Depuis la gauche: Diane Lemay travailleuse de milieu au Centre d’action bénévole de Grand-Mère, Amélie Gélinas travailleuse de milieu au Centre d’action bénévole Trait d’union, de Shawinigan, Cathy Guilhempey, chargée de projet chez Proche en tout temps, Josée Gélinas, directrice de l’Association des personnes aidantes de la Vallée-de-la-Batiscan et Marion Kuntzmann, chargée de communication à l’Appui Mauricie, lors de l’annonce du Salon des aidants et aînées de la Mauricie.

Aidants et aînés: «Pour rapprocher les ressources des besoins»

SHAWINIGAN — «Internet c’est un outil génial, mais ça ne remplacera jamais la rencontre avec une personne que l’on veut rejoindre», fait valoir Cathy Guilhempey, de chez Proche en tout temps, pour expliquer la pertinence du Salon des aidants et des aînés de Shawinigan qui se tiendra le 5 mai prochain. On avance que c’est pratiquement un Québécois sur quatre qui est proche aidant. On veut aller à leur rencontre pour les outiller.

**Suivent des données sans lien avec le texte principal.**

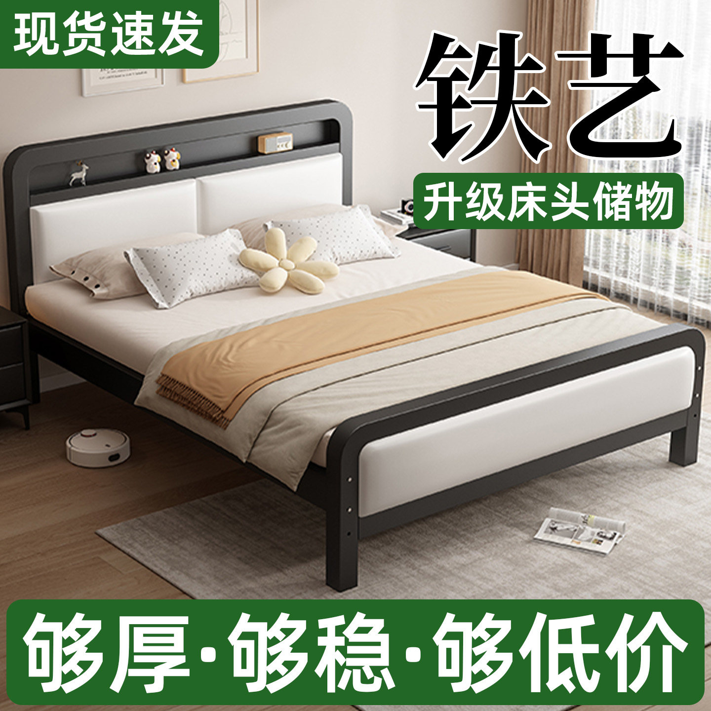 铁艺床现代简约主卧双人铁床加固加厚宿舍单人床经济型储物铁架床

La première édition du Salon des aidants et aînés de Shawinigan, qu’annonce l’Appui Mauricie, s’inscrit dans la foulée des quatre salons qui ont été tenus à Trois-Rivières. L’achalandage avait permis de constater que le besoin était réel, mais que la clientèle des environs de Shawinigan était peu nombreuse au rendez-vous, relate Diane Lemay, travailleuse de milieu au Centre d’action bénévole de Grand-Mère. Il s’agit donc de se rapprocher d’une clientèle moins encline à se déplacer, explique-t-elle.

Bien que les ressources pour les proches aidants et les aînés existent, Mme Lemay indique que la difficulté est de diriger les gens, souvent débordés ou épuisés, vers les organismes appropriés. Celle-ci souligne par ailleurs qu’entre une première demande et le moment où un service sera finalement livré, le temps est parfois long. Pour elle, le salon est l’occasion idéale de mettre en contact des gens qui ont des besoins avec une offre de ressources diversifiée.

Cathy Guilhempey renchérit en disant qu’en plus, les gens n’ont pas toujours conscience que des ressources existent pour pouvoir les aider. La chargée de projet chez Proche en tout temps, un site d’information pour l’entourage d’aînés vivant avec une problématique de santé mentale, souligne également que le phénomène de l’isolement touche souvent ceux qui se consacrent à l’aide d’un proche.

«Les proches aidants, qui souvent sont sur le marché du travail, ont très peu de temps pour eux, pour se poser ou pour réfléchir à leur implication auprès de leur proche et pour aller chercher des outils», expose Mme Guilhempey. «Souvent ils se sentent seuls face à leur engagement, simplement parce que quand on a déjà un travail et qu’on s’occupe en plus d’une personne, c’est certain qu’il reste peu de temps pour avoir des contacts sociaux avec des amis, pour pouvoir échanger, pour se libérer du poids que ça peut parfois représenter», ajoute-t-elle.

Se reconnaître

Pour Amélie Gélinas, du Centre d’action bénévole Trait d’union de Shawinigan, la proche aidance couvre un large spectre. «Faire les commissions pour sa mère une fois par semaine, c’est déjà un geste de proche aidance ou faire la pelouse de ma voisine l’été parce qu’elle est trop âgée pour partir sa tondeuse, ça aussi c’est un geste de proche aidance», illustre-t-elle.

La difficulté pour les gens de se reconnaître comme proche aidant est une problématique en soi, fait valoir Mme Gélinas qui dit que la démystification du rôle occupe une partie de son temps. Le Salon des aidants et des aînés est une occasion pour elle de faire un peu de pédagogie.

De nombreux exposants

On indique qu’à l’édition de 2018, à Trois-Rivières, ce sont plus de 80 kiosques qui accueillaient les visiteurs, en plus de présenter des conférences et des ateliers. On dit espérer voir converger 600 personnes à l’Espace Shawinigan, le 5 mai prochain, pour la tenue de ce premier salon dans la région shawiniganaise.

Au nombre des exposants, on compte des services de répit et d’aide à domicile, des popotes roulantes, des chiropraticiens, des vêtements adaptés, des kiosques d’information sur différentes maladies, comme celles de Parkinson ou d’Alzheimer, des lunetiers à prix réduit, etc.

La présence d’un conférencier vedette «devrait attirer beaucoup de monde», fait-on valoir du côté des organisateurs. L’annonce de l’identité de celui-ci sera faite à l’approche de l’événement.